Systematic reviews are built on the principles of rigor, transparency, and replicability. However, many current AI solutions don’t meet these principles. This risks a surge in unreliable, biased and low-quality reviews.
At Cochrane, we are committed to addressing this challenge with an approach that is measured and responsible. Here, we set out some of the work we are doing to ensure AI is used responsibly in evidence synthesis.
Using AI to support our review authors
Within Cochrane, we have a history of implementing automation solutions in our review process. For example, we have been using machine learning to identify randomized controlled trials since 2016. And we are now investing in the integration of emerging technologies, like generative AI.
We are primed to use AI and automation, thanks to our wealth of high-quality, structured data from systematic reviews and included studies. Recent innovations include:
- dynamic analysis reporting in RevMan, which allows authors to insert live results directly into their reviews while they’re writing and updating them
- a new feature in CENTRAL, our clinical trials database, that flags retracted publications to authors
In the future, we are planning to increase the proportion of reviews supported by Cochrane’s Evidence Pipeline, a service that combines automation and crowd verification to help authors identify relevant studies. In addition, we are leveraging annotations on Patient/Population, Intervention, Comparison, Outcome (PICO) to inform decisions about new intervention review proposals. Alongside the technical advances, we are working on further guidance and training to improve AI literacy across our organization.
Helping to develop guidance
Colleagues in Cochrane are also co-leading RAISE (Responsible AI in Evidence Synthesis), an international initiative to standardize recommendations for responsible AI use in evidence synthesis. In June 2025, RAISE released an updated three-paper collection:
- RAISE 1: Recommendations for practice across roles in the evidence synthesis ecosystem to enhance collaboration and communication
- RAISE 2: Guidance on building and evaluating AI tools
- RAISE 3: Guidance on selecting and using AI tools
Our authors can use AI if it upholds the principles of research integrity. AI and automation must be disclosed, have human oversight, and authors are accountable for the final content. Authors must also justify why they’re using AI and demonstrate that it will not compromise methodological rigor or integrity.
A recent webinar on recommendations and guidance on responsible AI use in evidence synthesis provides more information about RAISE and how Cochrane authors should use it.
Engaging with AI developers
RAISE includes frameworks to guide AI tool developers on how to approach evaluations and clarifies what information they should make public for users. Information on the system itself, clear terms and conditions, evaluations, and details on the strengths, limitations, potential biases, and generalizability are expected to be transparent and publicly available.
Without this, organizations and authors can’t make informed decisions about using an AI tool. We are collaborating with some AI tool developers, such as Covidence, to understand how this could work in practice.

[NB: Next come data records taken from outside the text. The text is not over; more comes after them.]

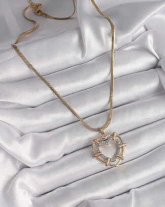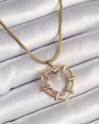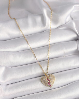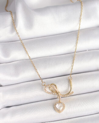 316L Çelik Gold Renk Zincir Zirkon Taşlı Düğüm Sallantı Kalp Model Kadın Kolye
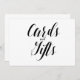 Eenvoudig en elegant zwart-wit kalligrafiestijk "Kaarten en Gifts" trouwbord. Dit trouwbord met Kaarten en cadeautjes ziet er geweldig uit op een mattepapier. Als je iets meer traditioneel nodig hebt, gebruik dan de Laid, Linen of Columned, voor een rustig gevoel gebruik van de Artisan Kraft, als je een tikje glam wilt toevoegen, gebruik dan de Luxe. Het klikken op de "pas het"knoop aan u tot het redacteurshulpmiddel kunt toegang hebben en een verschillende achtergrondkleur kiezen. Dit is een vlak gedrukt 5-inch x 7-inch kaartbord, dat er echt elegant uitziet in een afbeelding lijst.
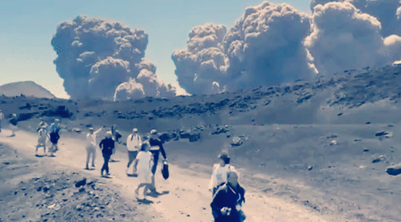 그런데 믿기 힘든 광경이 펼쳐진다. 일부 관광객들은 이 위험천만한 상황에서도 대피를 미뤄두고 스마트폰을 꺼내 화산 분화 장면을 배경으로 '인증샷'을 찍는 데 열중하는 것이다. 동행하던 현지 가이드들이 당황하며 "위험하니 빨리 대피하라!"며 애타게 외치자 마지못해 발길을 돌리는 모습까지 목격되었으니, 정말 황당할 지경이다.
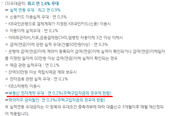 우대금리를 최고 1.4%를 받을 수 있는데, 다른 은행과 마찬가지로 신용카드 실적, 아파트 관리비 이체, 급여 등의 우대금리가 총 0.7%, 30만원 이상 적금 계좌 보유 0.1%, KB스타뱅킹 이용 실적 0.1%로 총 0.9%를 받습니다.

Collaborating with other organizations
Cochrane is part of the AI Methods Group, in collaboration with Campbell, JBI, and the Collaboration for Environmental Evidence. The group is attempting to align the four organization’s’ approaches to implementing responsible AI, and the first step is developing a shared position statement on AI use in systematic reviews. We are also listening to our communities on how to improve AI literacy and support authors and editors.
We are collaborating in the Wellcome-funded DESTinY project, which focuses on developing AI-driven tools for evidence synthesis in climate and health. Though this work is sector-specific, it serves as a model for exploring how to engage interest-holders, communicate effectively, and embed AI tools across our global network.
Finally, Cochrane is co-leading the Evidence Synthesis Infrastructure Collaborative (ESIC) alongside Campbell and JBI. Also funded by Wellcome, this initiative has developed a roadmap for a global, user-centered evidence synthesis infrastructure, which includes costed solutions for responsible and safe AI. This roadmap is currently under consultation before it’s finalized in July 2025.
Addressing areas of uncertainty
A common question we hear is, “if I use AI in my systematic review, what level of 'correctness' should I aim for?”. Currently, there is no consensus.
We assume humans are 100% accurate, but that's rarely the case due to factors like expertise, experience, and fatigue. This raises important questions. What level of error is acceptable when using AI? And does it change for different types of evidence synthesis?
As part of the DESTinY project, a survey has been launched to understand community expectations. We encourage anyone with an interest in this area to complete the survey by 2 July. This will inform future work and how we build and evaluate the next generation of AI-driven evidence synthesis tools.
In addition, Cochrane Evidence Synthesis and Methods has published the first articles in its AI in evidence synthesis special issue. This brings together papers which bridge the gap between demonstrating AI’s potential and its responsible implementation in evidence synthesis.
Ultimately, our goal is to ensure AI enhances – not replaces – human judgment in the review process. By working on how AI is used within and across the sector, we are committed to making Cochrane evidence more timely, usable, and equitable.